:: THE RECORDS ::

══════════

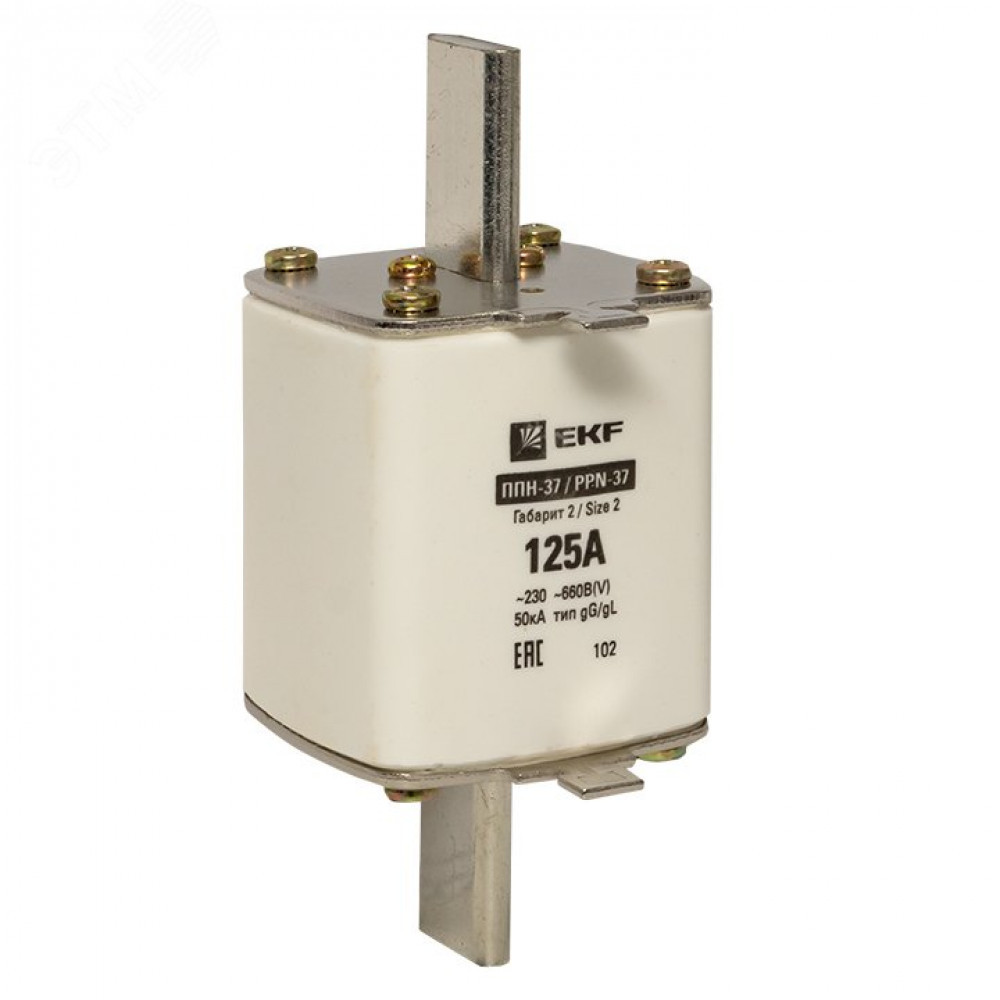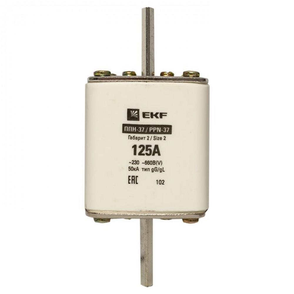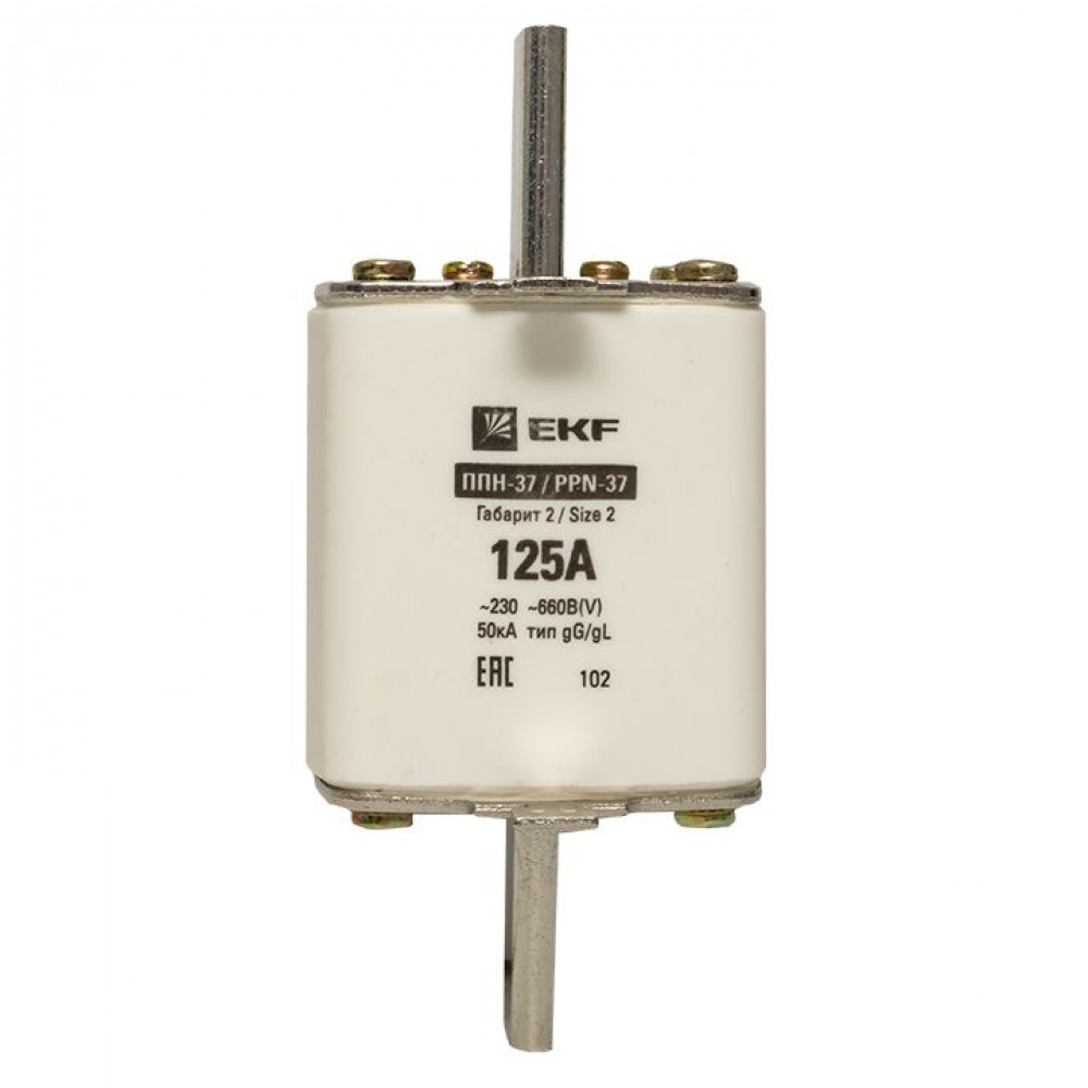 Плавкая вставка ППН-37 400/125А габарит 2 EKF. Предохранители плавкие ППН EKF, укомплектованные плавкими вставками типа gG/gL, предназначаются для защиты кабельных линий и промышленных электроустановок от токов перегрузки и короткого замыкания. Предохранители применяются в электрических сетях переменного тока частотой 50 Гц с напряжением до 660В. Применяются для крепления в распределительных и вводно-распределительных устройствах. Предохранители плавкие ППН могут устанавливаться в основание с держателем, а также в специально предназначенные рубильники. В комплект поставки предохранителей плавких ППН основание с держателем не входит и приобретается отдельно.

══════════

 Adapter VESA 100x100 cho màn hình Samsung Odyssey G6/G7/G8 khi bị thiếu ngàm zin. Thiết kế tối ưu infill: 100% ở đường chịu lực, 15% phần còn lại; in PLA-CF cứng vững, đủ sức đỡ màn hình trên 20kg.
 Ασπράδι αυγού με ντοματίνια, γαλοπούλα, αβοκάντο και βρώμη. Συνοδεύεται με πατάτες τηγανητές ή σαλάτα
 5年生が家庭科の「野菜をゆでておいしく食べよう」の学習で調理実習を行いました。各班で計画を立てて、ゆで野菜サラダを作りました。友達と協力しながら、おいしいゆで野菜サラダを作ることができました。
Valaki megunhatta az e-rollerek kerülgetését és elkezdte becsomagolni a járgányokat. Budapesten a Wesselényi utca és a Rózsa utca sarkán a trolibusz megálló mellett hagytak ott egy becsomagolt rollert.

══════════

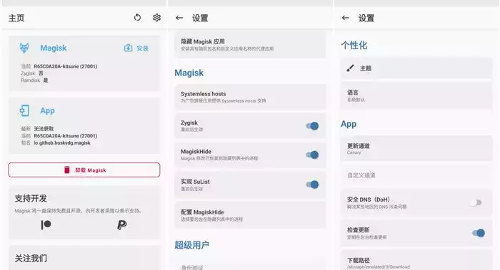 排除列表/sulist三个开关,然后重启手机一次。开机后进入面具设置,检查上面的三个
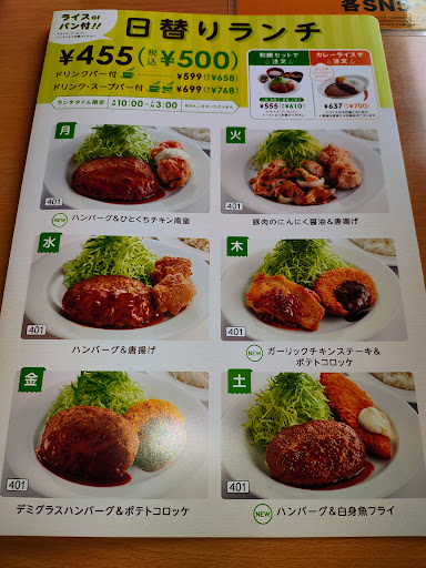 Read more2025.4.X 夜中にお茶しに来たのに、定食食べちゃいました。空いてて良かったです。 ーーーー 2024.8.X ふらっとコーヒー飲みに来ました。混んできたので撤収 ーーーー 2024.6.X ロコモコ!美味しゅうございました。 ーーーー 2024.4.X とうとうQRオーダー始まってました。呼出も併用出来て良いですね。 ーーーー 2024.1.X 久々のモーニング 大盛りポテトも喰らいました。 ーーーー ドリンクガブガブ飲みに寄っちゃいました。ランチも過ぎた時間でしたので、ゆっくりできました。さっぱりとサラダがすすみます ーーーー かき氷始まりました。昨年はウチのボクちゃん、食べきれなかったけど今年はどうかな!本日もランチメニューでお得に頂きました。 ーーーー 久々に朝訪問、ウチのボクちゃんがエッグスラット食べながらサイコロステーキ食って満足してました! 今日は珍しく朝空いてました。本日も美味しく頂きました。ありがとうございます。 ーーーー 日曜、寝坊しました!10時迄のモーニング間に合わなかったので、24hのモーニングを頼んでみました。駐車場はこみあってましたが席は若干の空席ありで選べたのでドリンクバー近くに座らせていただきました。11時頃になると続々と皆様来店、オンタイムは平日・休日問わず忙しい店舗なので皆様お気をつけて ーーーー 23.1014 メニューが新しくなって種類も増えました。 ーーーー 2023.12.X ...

══════════

:: TASK DETAILS ::
Print exactly the lines of the listing above starting at the line containing "Ασπράδι αυγού με" and ending at the line containing "Valaki megunhatta az", both included.

:: THE COMPLETED TASK ::
 Ασπράδι αυγού με ντοματίνια, γαλοπούλα, αβοκάντο και βρώμη. Συνοδεύεται με πατάτες τηγανητές ή σαλάτα
 5年生が家庭科の「野菜をゆでておいしく食べよう」の学習で調理実習を行いました。各班で計画を立てて、ゆで野菜サラダを作りました。友達と協力しながら、おいしいゆで野菜サラダを作ることができました。
Valaki megunhatta az e-rollerek kerülgetését és elkezdte becsomagolni a járgányokat. Budapesten a Wesselényi utca és a Rózsa utca sarkán a trolibusz megálló mellett hagytak ott egy becsomagolt rollert.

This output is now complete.